**Extracted records:**
--

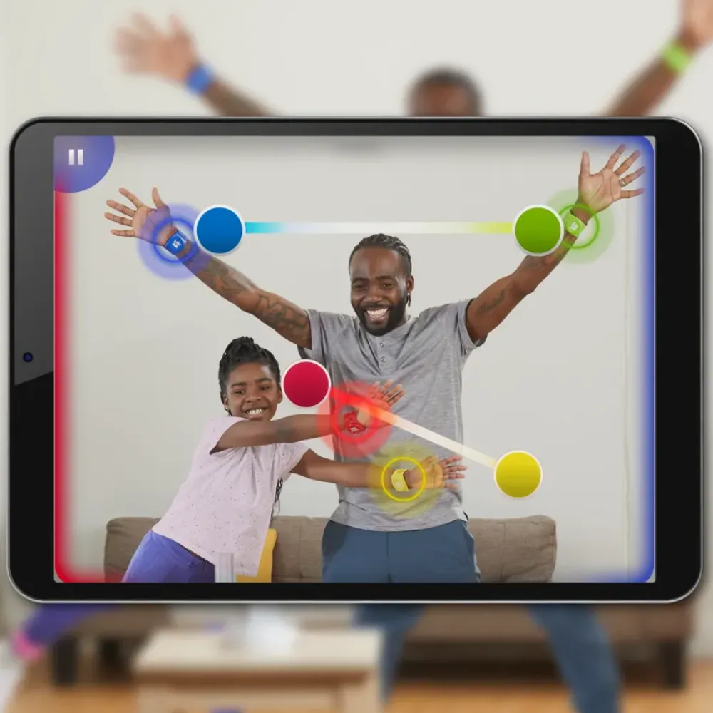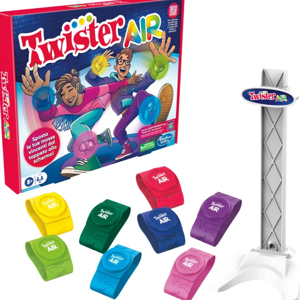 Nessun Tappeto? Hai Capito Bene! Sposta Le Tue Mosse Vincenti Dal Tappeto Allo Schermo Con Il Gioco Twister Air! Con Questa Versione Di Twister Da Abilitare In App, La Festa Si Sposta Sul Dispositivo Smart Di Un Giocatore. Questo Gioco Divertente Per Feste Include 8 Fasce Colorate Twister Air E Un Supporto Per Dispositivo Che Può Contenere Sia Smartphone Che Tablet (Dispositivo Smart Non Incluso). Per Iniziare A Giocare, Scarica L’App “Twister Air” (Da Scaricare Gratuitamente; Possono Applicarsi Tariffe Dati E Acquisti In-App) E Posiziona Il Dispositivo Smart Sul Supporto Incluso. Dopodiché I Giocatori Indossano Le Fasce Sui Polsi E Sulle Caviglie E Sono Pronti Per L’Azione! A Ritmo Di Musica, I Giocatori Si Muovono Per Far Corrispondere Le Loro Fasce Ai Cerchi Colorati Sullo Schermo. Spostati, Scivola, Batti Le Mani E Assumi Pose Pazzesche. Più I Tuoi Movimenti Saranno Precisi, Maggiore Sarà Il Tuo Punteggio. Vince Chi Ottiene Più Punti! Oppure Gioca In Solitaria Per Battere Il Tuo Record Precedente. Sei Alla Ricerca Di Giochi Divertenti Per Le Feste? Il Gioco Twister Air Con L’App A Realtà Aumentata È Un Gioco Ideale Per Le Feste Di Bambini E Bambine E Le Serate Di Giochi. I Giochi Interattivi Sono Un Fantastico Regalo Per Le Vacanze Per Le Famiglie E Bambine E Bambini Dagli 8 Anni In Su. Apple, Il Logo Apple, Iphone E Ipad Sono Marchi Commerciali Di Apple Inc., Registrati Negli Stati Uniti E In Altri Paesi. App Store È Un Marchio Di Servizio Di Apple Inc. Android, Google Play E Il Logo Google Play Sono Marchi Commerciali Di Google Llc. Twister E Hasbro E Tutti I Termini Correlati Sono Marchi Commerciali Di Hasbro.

--

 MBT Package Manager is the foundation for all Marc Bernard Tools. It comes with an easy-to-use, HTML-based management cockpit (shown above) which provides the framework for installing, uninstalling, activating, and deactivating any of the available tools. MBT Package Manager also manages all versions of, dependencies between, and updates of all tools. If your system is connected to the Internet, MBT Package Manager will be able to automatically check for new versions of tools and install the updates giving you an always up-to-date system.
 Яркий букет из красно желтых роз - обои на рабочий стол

--

**Aim of the task:** Starting at the line above that contains "MBT Package Manager is", write out each line exactly until the line that contains "Яркий букет из" has been written, and stop there.

**The answer:**
 MBT Package Manager is the foundation for all Marc Bernard Tools. It comes with an easy-to-use, HTML-based management cockpit (shown above) which provides the framework for installing, uninstalling, activating, and deactivating any of the available tools. MBT Package Manager also manages all versions of, dependencies between, and updates of all tools. If your system is connected to the Internet, MBT Package Manager will be able to automatically check for new versions of tools and install the updates giving you an always up-to-date system.
 Яркий букет из красно желтых роз - обои на рабочий стол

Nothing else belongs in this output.